La numeración de párrafos es mía, EH, para efectos de identificar en el esquema los razonamientos.

Tomado de:

http://www.filosofia.org/enc/ros/espiritu.htm

Espíritu

  1. (Del latín “spiritus”, literalmente: soplo, aire finísimo, hálito, aliento, olor.) 
  2. Concepto que, en el amplio sentido de la palabra, es idéntico a los conceptos de lo ideal, de la conciencia como forma suprema de la actividad psíquíca; en el sentido estricto del término, es equivalente al concepto de pensamiento. 
  3. En la historia de la filosofía se diferencian el espíritu subjetivo (sujeto, personalidad, individuo) –cuya absolutización lleva al idealismo, subjetivo– y el espíritu objetivo (conciencia social, objetivación de las facultades humanas) que conduce –si se sostiene su carácter primario– al idealismo objetivo. 
  4. La filosofía grecorromana de la Antigüedad concebía el espíritu como activídad teórica (para Aristóteles, por ejemplo, la forma superior de la actividad del espíritu es el pensar sobre el pensamiento, el placer de teorizar). Sin embargo, también se entiende el espíritu como principio suprarracional cognoscible inmediata e intuitivamente (Plotino). Este punto de vista entronca con la religión, según la cual el espíritu es Dios, una esencia sobrenatural, susceptible de ser únicamente objeto de la fe. 
  5. La filosofía clásica alemana subrayaba el carácter activo del espíritu, lo veía como actividad de la autoconciencia. Así, Hegel concebía el espíritu como unidad de la autoconciencia y de la conciencia, unidad que se realizaba en la razón; como unidad entre la actividad práctica y la teórica del espíritu sobre la base de la práctica: el ser del espíritu es su hacer aunque este hacer es interpretado sólo como conocimiento. El espíritu, según Hegel, supera lo natural y se eleva hasta sí mismo en el proceso del autoconocimiento.
  6. La filosofía materialista considera al espíritu como lo secundario respecto a la naturaleza. Para los materialistas de la antigüedad, el espíritu es la parte más racional del alma, derramada por todo el cuerpo.

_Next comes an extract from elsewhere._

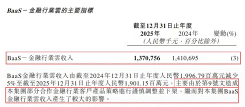 因此,百融云创BaaS金融行业云2025年上半年还收入8.57亿元,同比增长45%,占总收入的53%。而到年底仅录得13.71亿元,同比下滑3%,也就是说该板块下半年只收入了5.14亿元。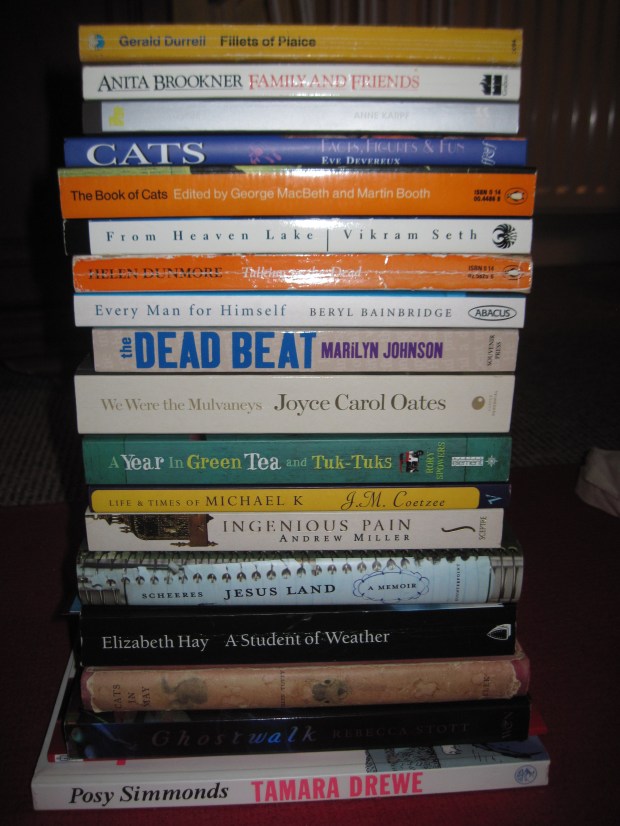 The six purchases still to read are two cat-themed anthologies for reading piecemeal, plus these four – two fiction and two non-:

Los materialistas de los siglos XVII-XVIII (Hobbes, Locke, La Mettrie) concebían el espíritu sólo como una variedad del conocimiento sensorial. 
  7. El materialismo dialéctico no reduce lo espiritual a la simple suma de sensaciones y rechaza la representación del espíritu como de algo que existe con independencia de la materia. Lo espiritual es función de la materia altamente organizada, es resultado de la actividad práctica material, histórico-social de los hombres. La vida espiritual de la sociedad –conciencia social– aparece como reflejo del ser social. Al mismo tiempo, influye de manera activa sobre éste, sobre la actividad práctica de la humanidad. 
  8. El concepto de espíritu también se emplea en sentido metafórico como sinónimo de esencia: espíritu de la época, espíritu del tiempo (cfr. alma, pensamientoconcienciapsique).